TDA4VM memcpy poor performance after memset zero

li quan

Part Number: TDA4VM
Other Parts Discussed in Thread: TDA4VH

Hi, expers:

On tda4vm platform, we found the performance of memcpy become lower after memset zero, test code as follow:

#include <stdio.h>
#include <pthread.h>
#include <unistd.h>
#include <sys/types.h>
#include <sys/stat.h>
#include <sys/prctl.h>
#include <sched.h>
#include <signal.h>
#include <string.h>
#include <malloc.h>

unsigned long long DEMO_TST_GetMs()
{
		struct timespec time = {0};
		clock_gettime(CLOCK_THREAD_CPUTIME_ID, &time);
	
    return (unsigned long long)(time.tv_sec * 1000000 + time.tv_nsec / 1000);
}

int main()
{
	int i = 0,j = 0;
    unsigned long long lStart = 0;
    unsigned long long lEnd = 0;    
    unsigned long long all = 0;

    void *pa = malloc(20 * 1024 * 1024);
    void *pb = malloc(20 * 1024 * 1024);

    /* do memset ? */
    //memset(pa, 0, 20 * 1024 * 1024);
    //memset(pb, 0, 20 * 1024 * 1024);
 
    for (j = 0; j < 100; j++)
    {
        lStart = DEMO_TST_GetMs();

        int sum = 0;

        for (i = 0; i < 100; i++)
        {
            sum += i;

            memcpy(pa, pb, 20 * 1024 * 1024);
        }

        lEnd = DEMO_TST_GetMs();

        all += lEnd - lStart;
        //printf("%lld, %lld\n", lEnd - lStart, all / (j + 1));
    }

    free(pb);
    free(pa);

    return 0;
}

Memcpy test without memset, total consume 27 second,(0.16% cache miss of all L1-dcache accesses)

Performance counter stats for 'memcpy_noset':

27379.08 msec task-clock # 0.997 CPUs utilized
3408 context-switches # 0.124 K/sec
1 cpu-migrations # 0.000 K/sec
669 page-faults # 0.024 K/sec
54712024432 cycles # 1.998 GHz
32828016573 instructions # 0.60 insn per cycle
<not supported> branches
418668 branch-misses

39342461969 L1-dcache-loads
61556500 L1-dcache-load-misses # 0.16% of all L1-dcache accesses
26222847268 L1-dcache-stores

27.270167320 seconds time elapsed

27.090683000 seconds user
0.011870000 seconds sys

Memcpy test with memset, total consume 83 second,(0.44% cache miss of all L1-dcache accesses)
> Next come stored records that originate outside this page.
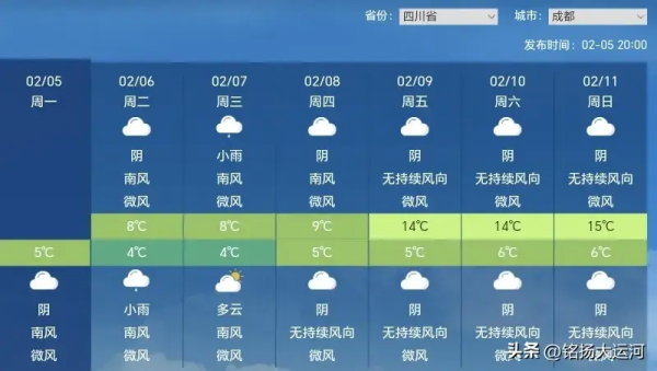 后天(2月7号),四川的天气又将为我们带来新的故事。四川盆地的每个城市,将有小雨或零星小雨的轻轻洒落,仿佛是大自然的轻柔低语。
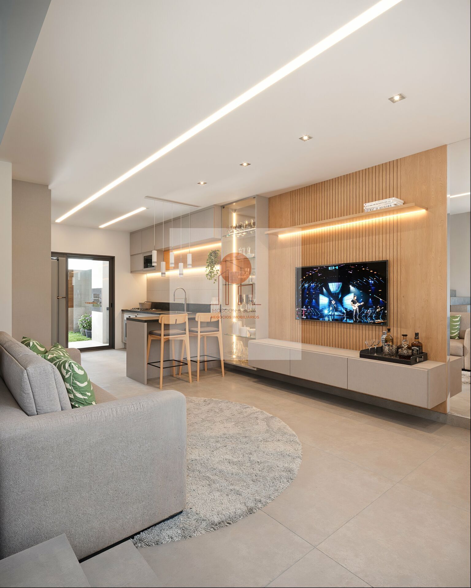 Sala de estar, jantar e cozinha em conceito integrado
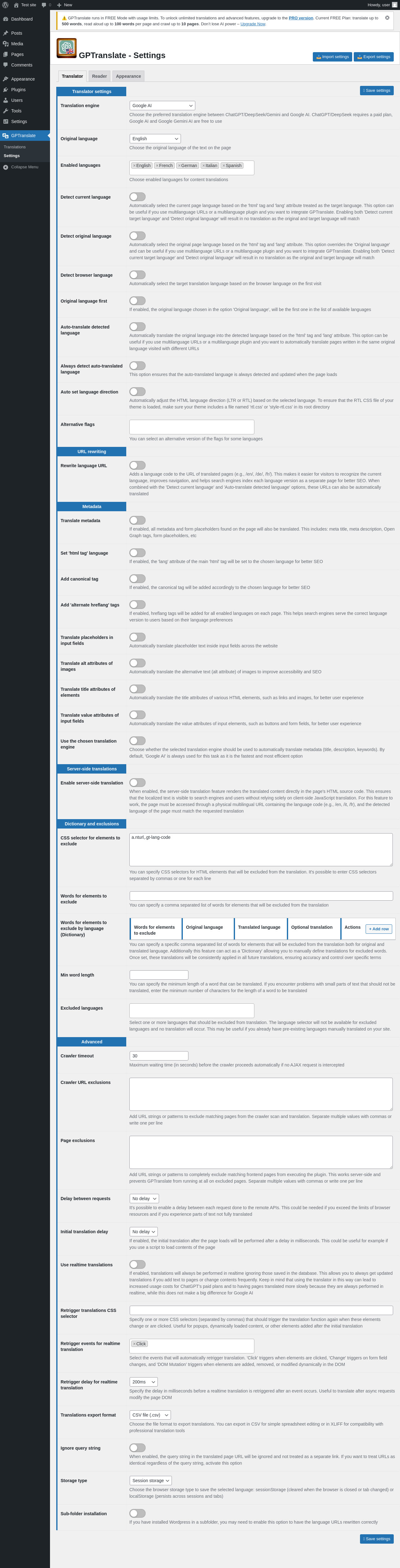 | URL | /wp-admin/admin.php?page=gptranslate-settings |

Performance counter stats for 'memcpy':
85824.02 msec task-clock # 0.997 CPUs utilized
10882 context-switches # 0.127 K/sec
0 cpu-migrations # 0.000 K/sec
677 page-faults # 0.008 K/sec
171502032179 cycles # 1.998 GHz
32956132885 instructions # 0.19 insn per cycle
<not supported> branches
1252779 branch-misses

39390732794 L1-dcache-loads
171766881 L1-dcache-load-misses # 0.44% of all L1-dcache accesses
26245423599 L1-dcache-stores

84.339231775 seconds time elapsed

83.769493000 seconds user
0.015800000 seconds sys

Thanks

quanli

over 2 years ago

0 Keerthy J over 2 years ago

TI__Guru**** 164000 points

Hi Quanli,

Could you please answer the below questions for me to reproduce the issue:

Which SDK version is being used?
Did you make any changes on Default SDK before testing?
What is the OS you are running this on?

Best Regards,
Keerthy

0 li quan over 2 years ago in reply to Keerthy J

Intellectual 955 points

Hi Keerthy,

Keerthy J said:
Which SDK version is being used?

SDK8.1

Keerthy J said:
What is the OS you are running this on?

Linux

Thanks

quanli

0 Keerthy J over 2 years ago in reply to li quan

TI__Guru**** 164000 points

Hi Quanli,

Apologies for the long delay. Can you comment out the dest memset to 0?

    /* do memset ? */
    memset(pa, 0, 20 * 1024 * 1024);
    //memset(pb, 0, 20 * 1024 * 1024);

Since destination will anyways be re-written by memcpy does that make sense to do memset before copy?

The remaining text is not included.